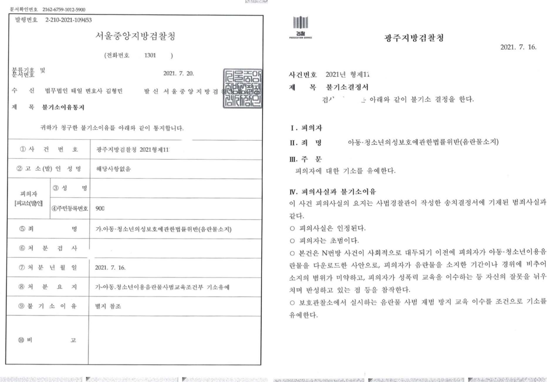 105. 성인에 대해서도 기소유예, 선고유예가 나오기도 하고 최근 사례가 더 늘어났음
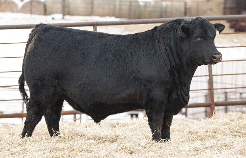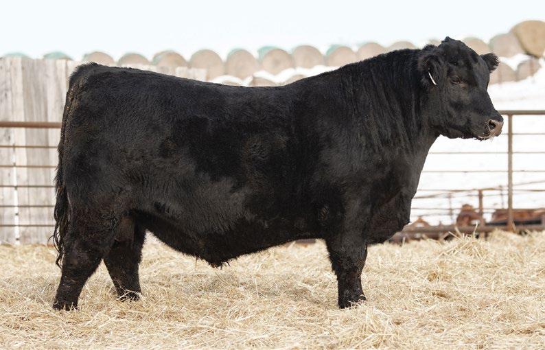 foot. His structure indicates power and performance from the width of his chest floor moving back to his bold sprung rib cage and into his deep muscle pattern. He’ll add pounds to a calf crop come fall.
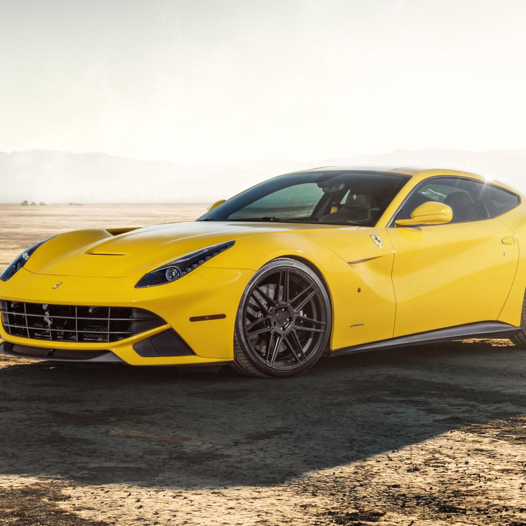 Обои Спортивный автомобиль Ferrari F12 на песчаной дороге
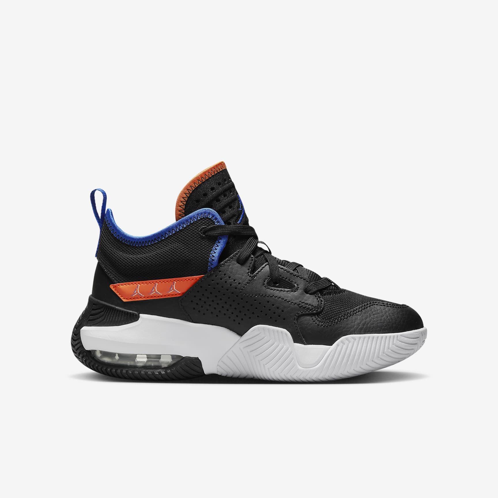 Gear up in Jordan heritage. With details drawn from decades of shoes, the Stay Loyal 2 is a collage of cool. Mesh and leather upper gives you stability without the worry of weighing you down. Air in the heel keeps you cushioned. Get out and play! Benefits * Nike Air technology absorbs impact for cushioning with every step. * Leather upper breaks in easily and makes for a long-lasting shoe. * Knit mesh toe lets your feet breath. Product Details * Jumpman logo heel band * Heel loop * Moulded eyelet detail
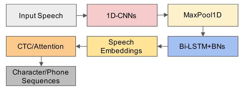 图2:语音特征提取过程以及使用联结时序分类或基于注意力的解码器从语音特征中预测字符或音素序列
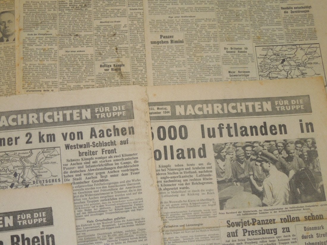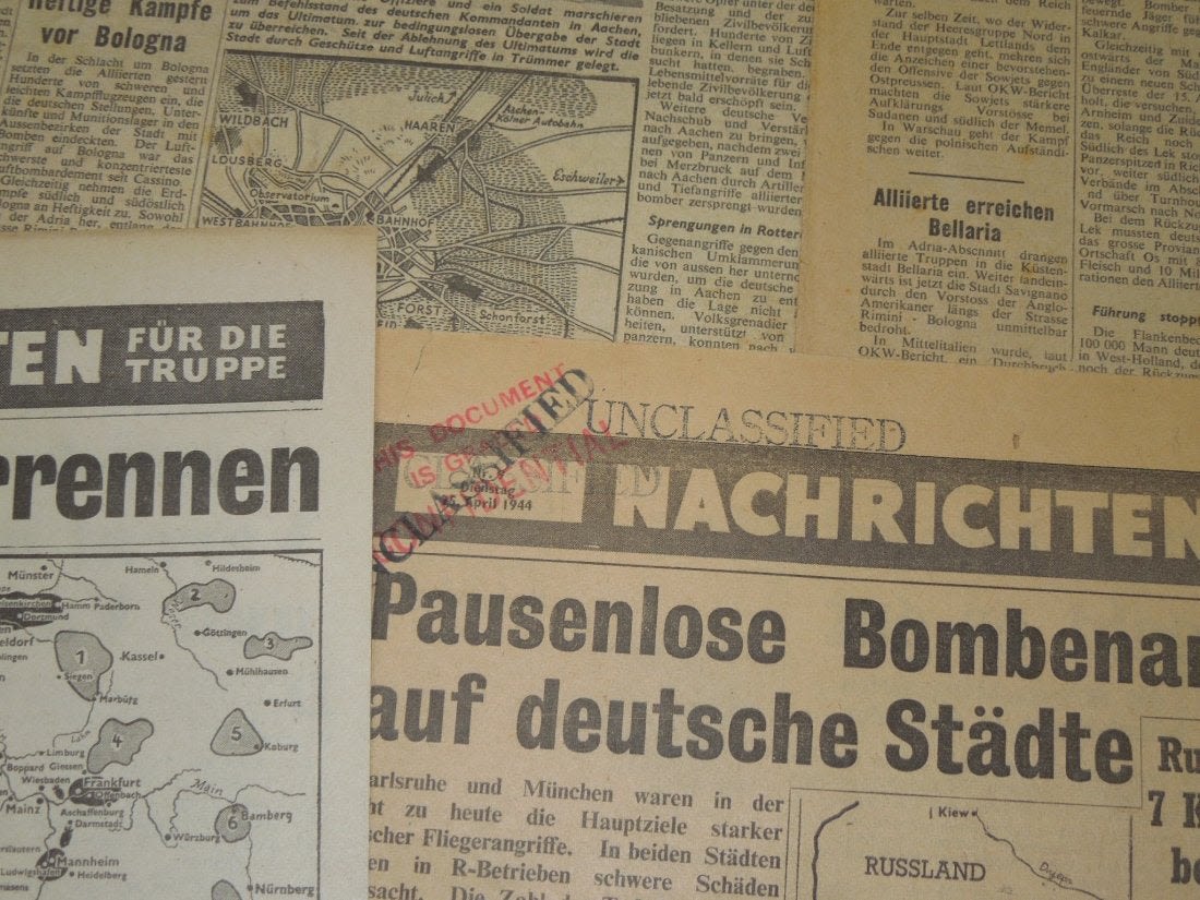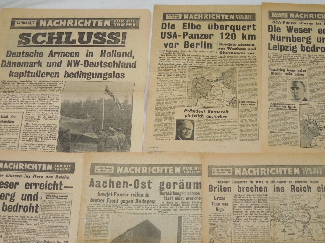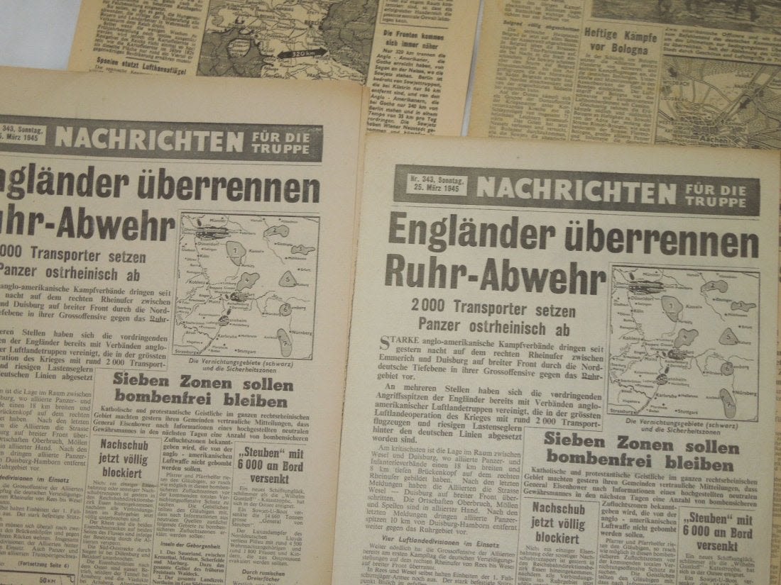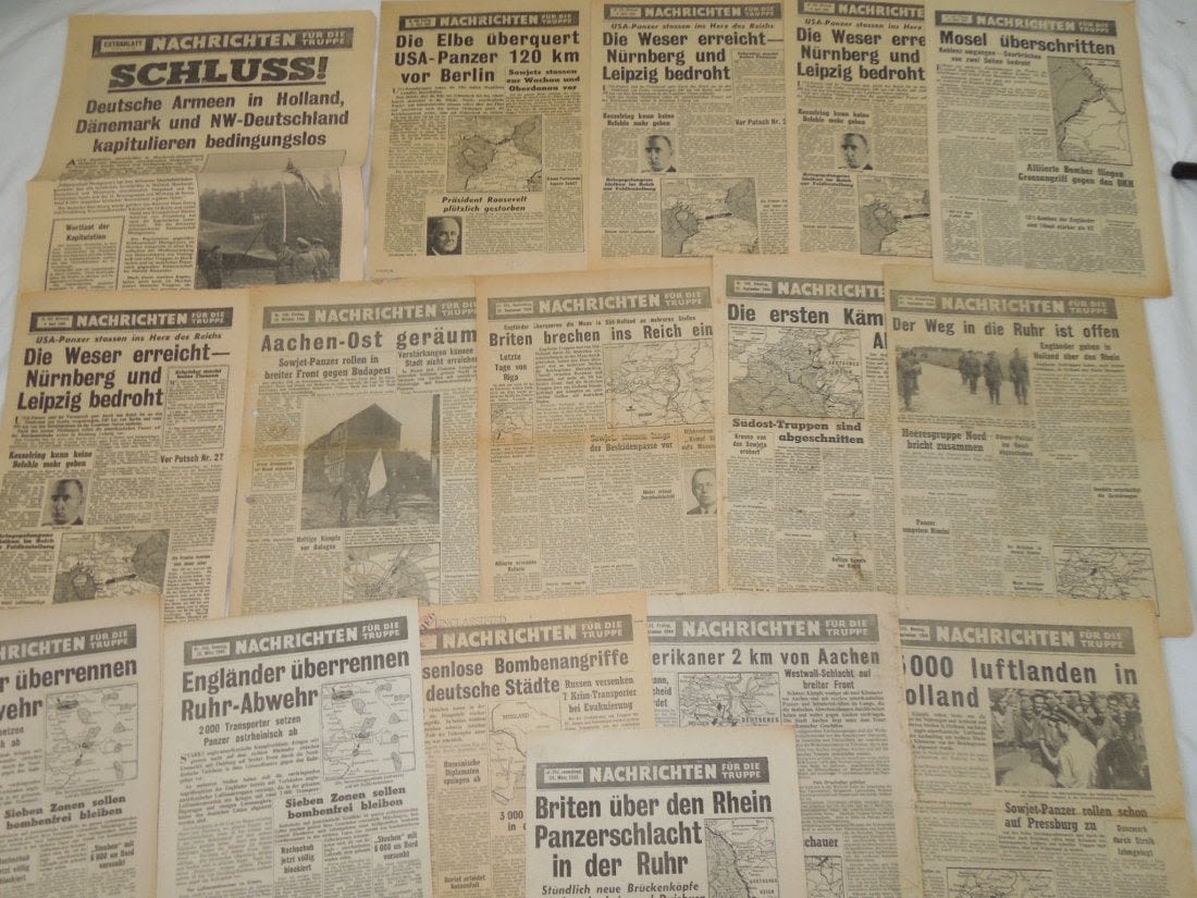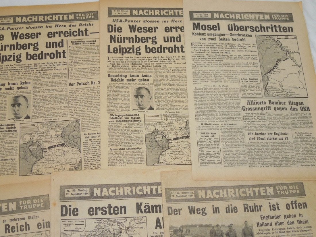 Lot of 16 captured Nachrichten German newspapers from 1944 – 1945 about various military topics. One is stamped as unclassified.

---

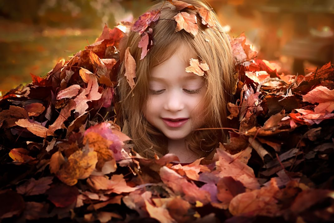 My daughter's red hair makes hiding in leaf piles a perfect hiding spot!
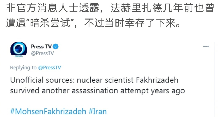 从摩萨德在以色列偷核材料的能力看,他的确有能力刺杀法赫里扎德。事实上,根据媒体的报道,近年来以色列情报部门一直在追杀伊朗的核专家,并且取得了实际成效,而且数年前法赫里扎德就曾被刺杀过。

◆ WHAT YOU HAVE TO DO ◆
Take only the lines above from the one that has "105. 성인에 대해서도" through the one that has "Lot of 16 captured" and reproduce them exactly, omitting any pictures.

◆ ANSWER SPACE ◆
 105. 성인에 대해서도 기소유예, 선고유예가 나오기도 하고 최근 사례가 더 늘어났음
 foot. His structure indicates power and performance from the width of his chest floor moving back to his bold sprung rib cage and into his deep muscle pattern. He’ll add pounds to a calf crop come fall.
 Обои Спортивный автомобиль Ferrari F12 на песчаной дороге
 Gear up in Jordan heritage. With details drawn from decades of shoes, the Stay Loyal 2 is a collage of cool. Mesh and leather upper gives you stability without the worry of weighing you down. Air in the heel keeps you cushioned. Get out and play! Benefits * Nike Air technology absorbs impact for cushioning with every step. * Leather upper breaks in easily and makes for a long-lasting shoe. * Knit mesh toe lets your feet breath. Product Details * Jumpman logo heel band * Heel loop * Moulded eyelet detail
 图2:语音特征提取过程以及使用联结时序分类或基于注意力的解码器从语音特征中预测字符或音素序列
 Lot of 16 captured Nachrichten German newspapers from 1944 – 1945 about various military topics. One is stamped as unclassified.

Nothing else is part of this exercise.